弦のお話


もちろん楽器を購入したときに何かの弦ははってあると思いますがそれがいい物かどうかはわかりません。あとこの弦ですがいつ切れるかは神のみぞ知るで、必ず1セットはスペアを持っておきましょう。

弦の種類ですが、これはかなりいろいろなものがあります。大きく分けるとスチール(金属製)、シンセティック(ガットに似せた新しい樹脂)とガット(昔から使われている動物の内臓でできているもの)です。

スチール弦
は小さな楽器1/16や1/8のようなものは別として楽器が大きくなるにしたがって金属音の「キンキン」が耳にはあまりうれしくないと思います。音ははっきりして大きいので小さい楽器にはいいのですが激しく弾くとピッチが「ウワーン」と猫の鳴き声のように上がりこれは始めたばかりの小さなお子さんには耳のトレーニングという意味でもよくないと思います。

ガット
ははっきり言って最高の音がします!じゃあガットに決まりということになりますがデメリットも多いのです。とても気候に左右されやすいのです。舞台袖からステージに上がりスポットライトを浴びた瞬間にピッチが狂います(笑)。弾いている最中にピッチが狂います(涙)。1楽章から3楽章まで通しで弾いてピッチがあっていたためしがありません(爆)。ということはいつも調弦をしていなければいけないということで私が若いころはガットしかなかったためにいまだに常にバイオリンを調弦する癖が付いてしまってます。状況によって音色が変わったりもしてイライラの種に。「何で今日は楽器がならない(良い音がしない)んだろう?」なんてことも多々!でも最初に言ったようにすべての条件がそろった時、ガット弦は他の弦では真似できない甘いとろけるような音が出ます。ということで残念ながら初心者にはおすすめしません。しかも弦の中で一番高価!

そこでシンセティックが生まれました。

今でも業界スタンダード(?)の「Dominant弦」に出会ったのは私が確か小学校高学年か中学生のころでした。いつも楽器の調整をお願いしている方から新しい弦が入ったので試してくれと1セットいただいたのですが、それまでガットしか使ったことのなかった私はいきなり袋に入ってる弦を見ただけで「なんか良い音しなさそう」と思い込んでしまいしばらくはケースの中にしまったままでした。でもそのままにしておくものもったいないので一度張り替えてみたのですがやはり先入観もあったのかいまいち好きにはなれません。大きい音はするのですがトーン(音色)が粗く、じゃりじゃりとしていたためすぐにまたガットに。そのあともしばらくガットを使っていたのですが、アメリカに来てからはこのDominantに変えてもあまりじゃりじゃり音もなく、気候にもあっていたのか弦自体も改良されたのか「これなら良いな」と思える弦になっていました。今ではこのシンセティックが主流でパールマンはいまだにDominant愛好家だしJoshua BellはEvah Pirazziを愛用してるようです。私はObligatoという弦を最近まで使っていたのですが今はLarsenから新しく出たTziganeを使ってます。

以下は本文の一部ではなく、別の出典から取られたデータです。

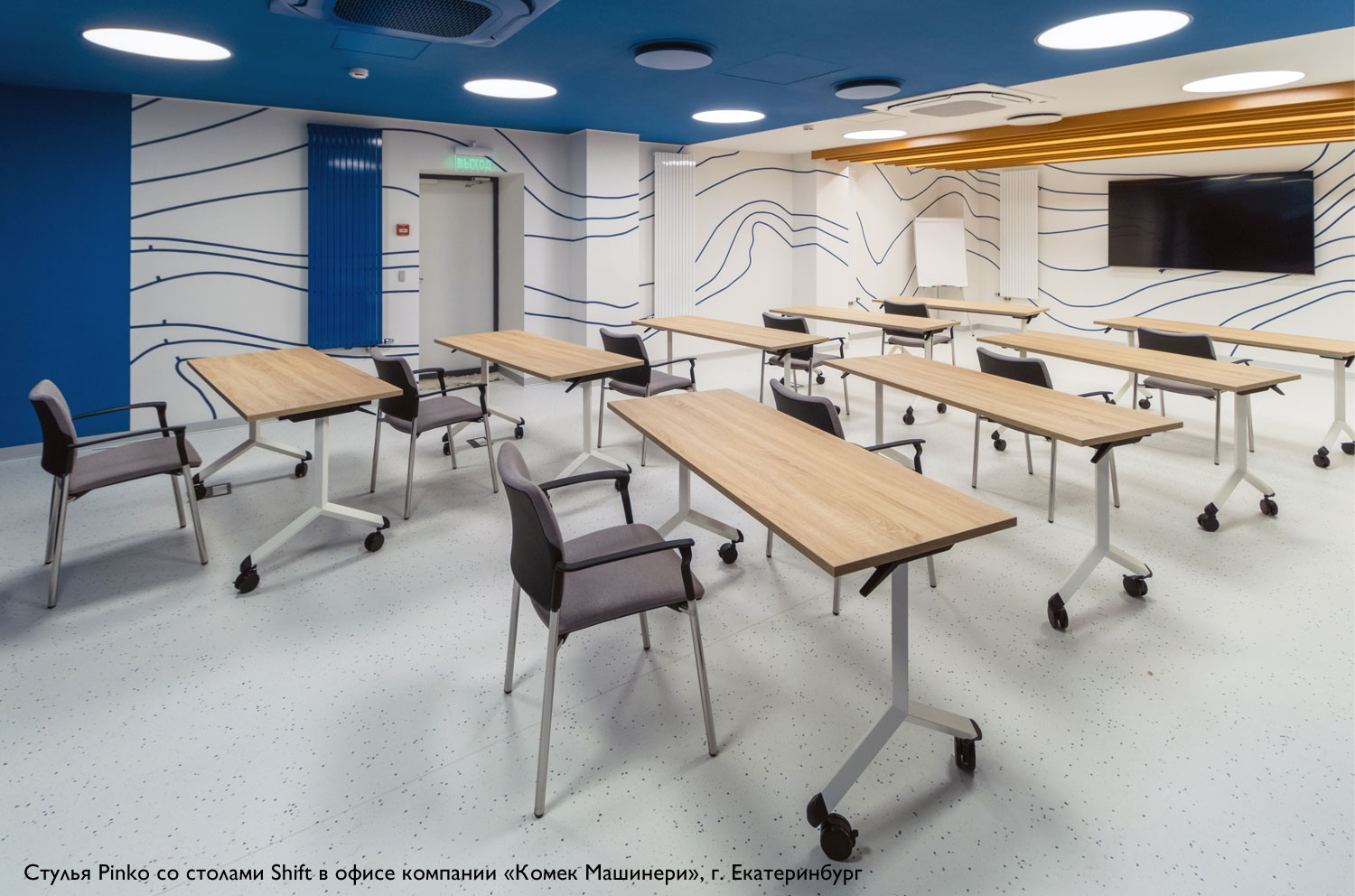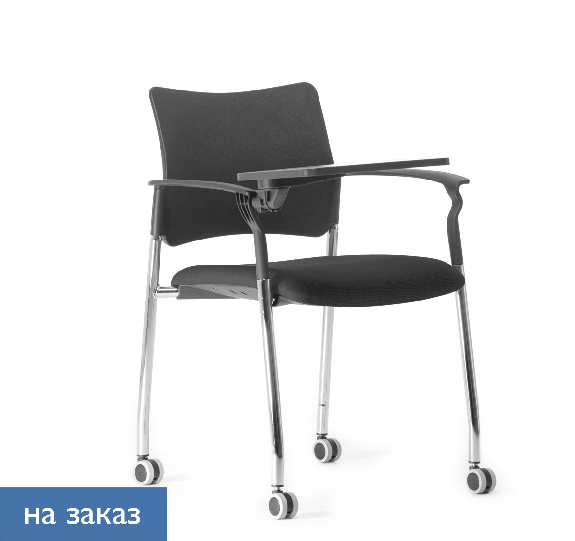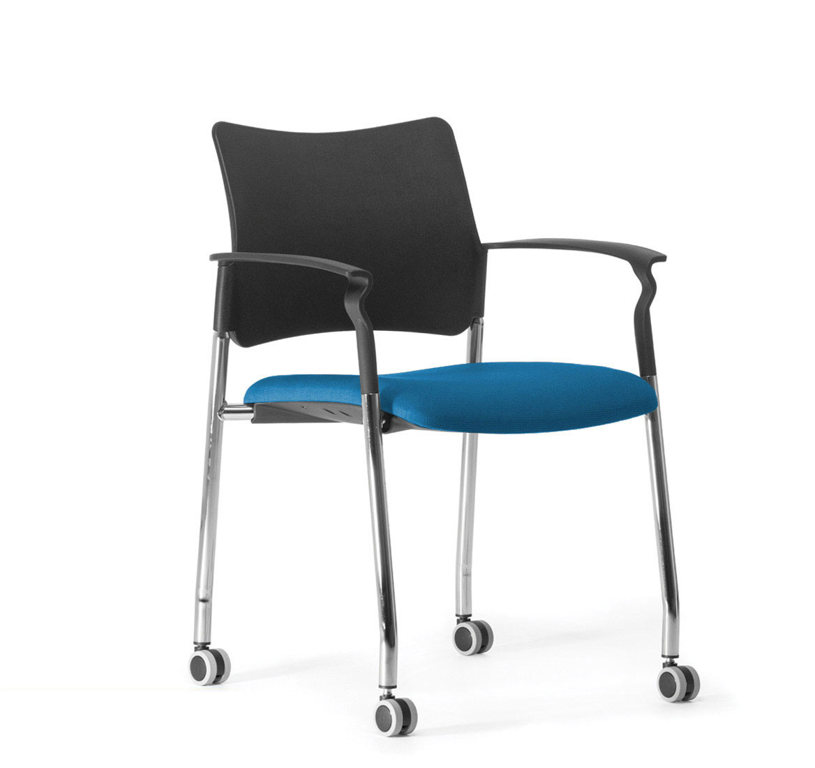 ПИНКО/PINKO Кресло обитое,на колесах ЧЕРН/ГОЛУБОЙ/ХРОМ
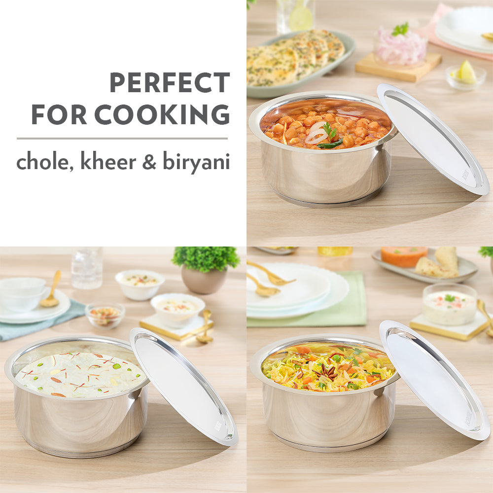 - Energy efficient tri-ply induction compatible impact bonded bottom for faster and even cooking

今までの経験上新しく買ったバイオリンにつける弦としてはまずはDominantをおすすめします。なんといっても無難です。そこを出発点としていろいろな弦を試されるといいでしょう。小さな楽器にはPirastroのPiranitoという弦も良いそうです。

どうしてもガットを試したい方!Pirastroから新しくPassioneというガット弦が出ました。かなり評判が良いらしく品薄だとか・・・。このガット弦は今までよりも気候などによる影響が少ないそうです。次回はこの弦を試してみます。       

補足:最近ユーロが強いためヨーロッパの弦の値段が上がってしまいました!!!

弦もやはり練習を重ねていくうちに自分に合った音を探すときがくると思います。そのときまでに自分の耳もトレーニングして音を聞き分けれる耳を育てましょう。とにかくミュージシャンは耳が命です!

最後に、弦は少なくとも半年に1度はかえましょう。古くなった弦はいい音がしません。もしあなたが一日5時間ほど弾くのでしたら2週間ほどで弦はだめになるかもしれません。現にプロの奏者は大体2週間で弦を変えます。

この弦も汗などの水分でさびたりしますので、練習、演奏が終わったらきれいに拭いてあげましょう。